We are considering buying in Abruzzo. At present I have a small business/sole trader making curtains and soft furnishings which I do at home. My question is would I be able to make a living in Italy doing the same? Do expats long for typical British window dressing?
Any thoughts on this would be most welcome.

Also my husband is a bus driver, we have approached the sister bus company in Italy of Arriva about transfering but they maintain that they only take Italian citizens. Does anyone know if this applies to all Italian bus companies?

Thanks to anyone who can help with this one.


----------



## kaz101

Hi Valerie, 

Welcome to the forum. 

I'm sure someone will be along to answer your questions soon.

Regards,
Karen


----------



## Bevdeforges

valerie said:


> My question is would I be able to make a living in Italy doing the same? Do expats long for typical British window dressing?
> Any thoughts on this would be most welcome.

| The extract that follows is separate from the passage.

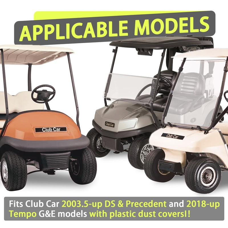 • Club Car Models: Suitable for Club Car 2003.5-up DS&Precedent and 2018-up Tempo gas or electric models with plastic dust covers. ( Doesn't fit DS model with metal dust covers!)

Do you see your market as only consisting of expats? If so, have you researched the size of the expat community in the area around Abruzzo? How do you market your products now? (Through local shops? Online? Mail order? Something else?)

Depending on how you set things up, you could keep your current customers while branching out - either to expats in Italy, or to a more generalized clientele throughout Europe. If you are making a living now, it should be possible to adapt and adjust to a new location to continue doing the same.

Can't really help on the bus company issue - though there are anti-discrimination laws in the EU. The big question is - how is your (and his) Italian? If he isn't reasonably fluent, it may be difficult to find a job.
Cheers,
Bev


----------



## valerie1

*we would like some information please*

Thanks Bev

I am pleased to make curtains etc for everyone. I used to work in a retail shop and have spoken to a few expats that had returned to the UK to shop for curtains as they claimed it was difficult to find what they really liked abroad. 

At the moment my work comes via word of mouth.

I also make clothes, although most of these are for the re-enactment market, and I propose to set up a website for this purpose.

I have a fall back in that I have a TEFL certificate.

We will ask about the bus driving when we visit at the end of the month.

Once again Thank You.

Valerie


----------